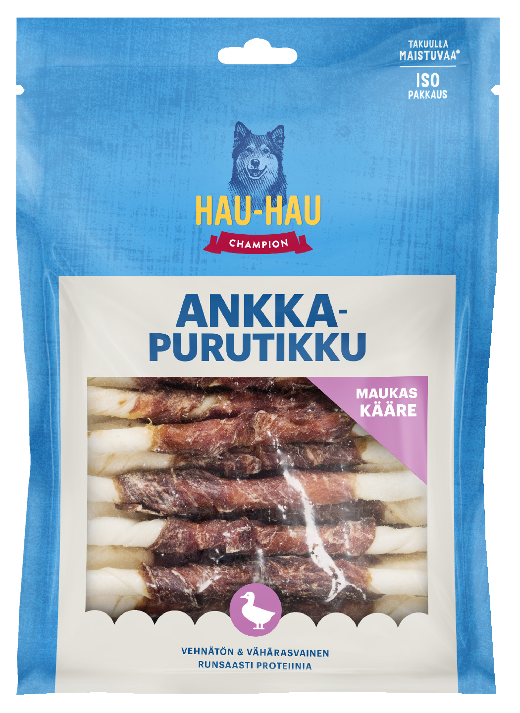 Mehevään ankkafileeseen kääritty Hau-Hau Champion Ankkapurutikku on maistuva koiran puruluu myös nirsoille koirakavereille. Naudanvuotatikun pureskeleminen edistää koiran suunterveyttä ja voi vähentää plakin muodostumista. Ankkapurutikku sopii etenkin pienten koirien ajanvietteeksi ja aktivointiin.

--

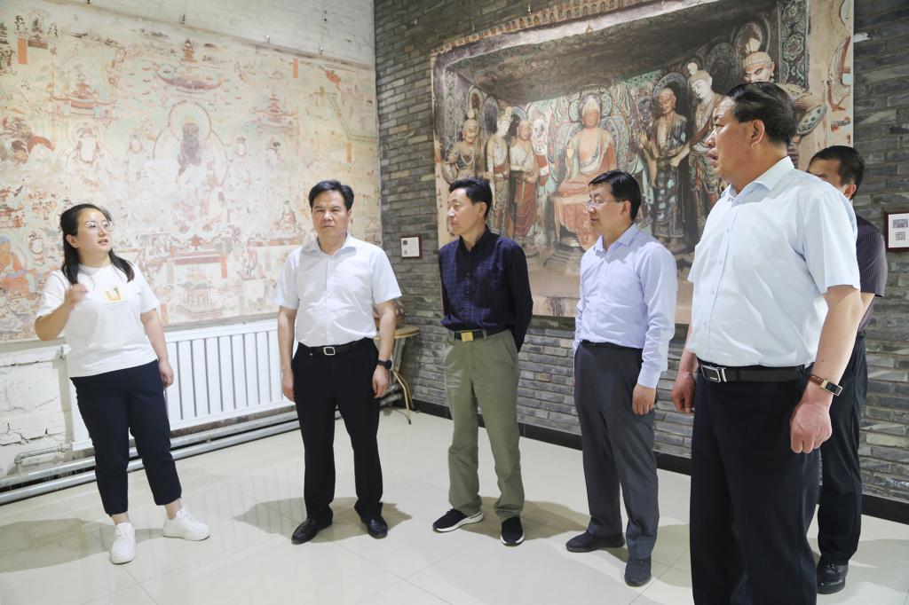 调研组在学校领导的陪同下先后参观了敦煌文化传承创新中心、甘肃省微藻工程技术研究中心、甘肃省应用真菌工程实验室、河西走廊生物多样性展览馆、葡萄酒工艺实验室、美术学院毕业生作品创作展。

...

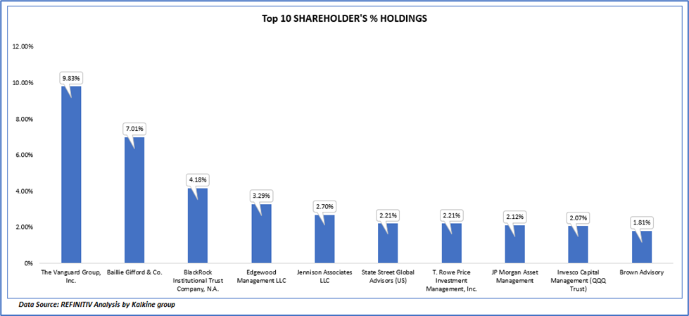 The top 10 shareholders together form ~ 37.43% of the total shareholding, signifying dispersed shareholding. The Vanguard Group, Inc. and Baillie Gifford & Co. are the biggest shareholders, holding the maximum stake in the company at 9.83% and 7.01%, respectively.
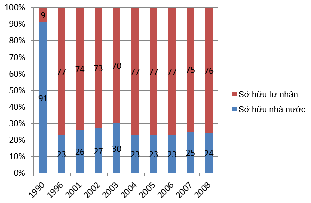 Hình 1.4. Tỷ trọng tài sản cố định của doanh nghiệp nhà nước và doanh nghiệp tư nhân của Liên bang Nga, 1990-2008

**Problem statement:**
In the data above, find the line with "The top 10 shareholders" and the line with "Hình 1.4. Tỷ". Please copy exactly those two lines and every line between them, but not the pictures.

**Response:**
 The top 10 shareholders together form ~ 37.43% of the total shareholding, signifying dispersed shareholding. The Vanguard Group, Inc. and Baillie Gifford & Co. are the biggest shareholders, holding the maximum stake in the company at 9.83% and 7.01%, respectively.
 Hình 1.4. Tỷ trọng tài sản cố định của doanh nghiệp nhà nước và doanh nghiệp tư nhân của Liên bang Nga, 1990-2008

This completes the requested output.